Going beyond this event, and looking towards the future of what “community engagement” looks like at Sahan Journal, we recognize that there’s a lot to learn from community media. Many of these newsrooms have spent years building trust and serving the audiences that mainstream newsrooms don’t. An entirely Facebook-based community news outlet like Somali TV Minnesota, for example, doesn’t just happen overnight; the channel has amassed over 150,000 followers since its inception in 1997. Every show relies on contributions from Somali community members from around the world, and its relevance and impact continues to grow through word of mouth.

The overall reach of community media may be at a smaller scale than national news outlets, but with direct and close contact with community members comes real impact, something that has become especially relevant during the global pandemic. 

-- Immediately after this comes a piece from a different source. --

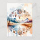 Vibrante pintura acuática con un paisaje sereno con montañas y un tranquilo lago al amanecer. En primer plano, hay una tetera tradicional y una pequeña cabaña rodeada de árboles frondosos. La escena con intrincados patrones tribales, incluyendo dreamcatchers, plumas y formas geométricas, incorporando tonos cálidos de tierra y suaves efectos de acuarela para realzar la atmósfera soñadora. El aspecto general evoca una sensación de armonía con la naturaleza y la cultura indígena.

We also recognize that one size does not fit all. That is to say, we expect that with every community we want to develop deeper relationships with, there will be a specific avenue or method that works best. And we intend to keep asking the most important and relevant audience-centric questions—Who do we want to reach? Who is left out? What is the best way to connect them with news?—in order to get there. 

As Becky wrote after the event to some of our readers: Our partnership with Somali TV was the first of its kind in our newsroom, but it definitely won’t be the last.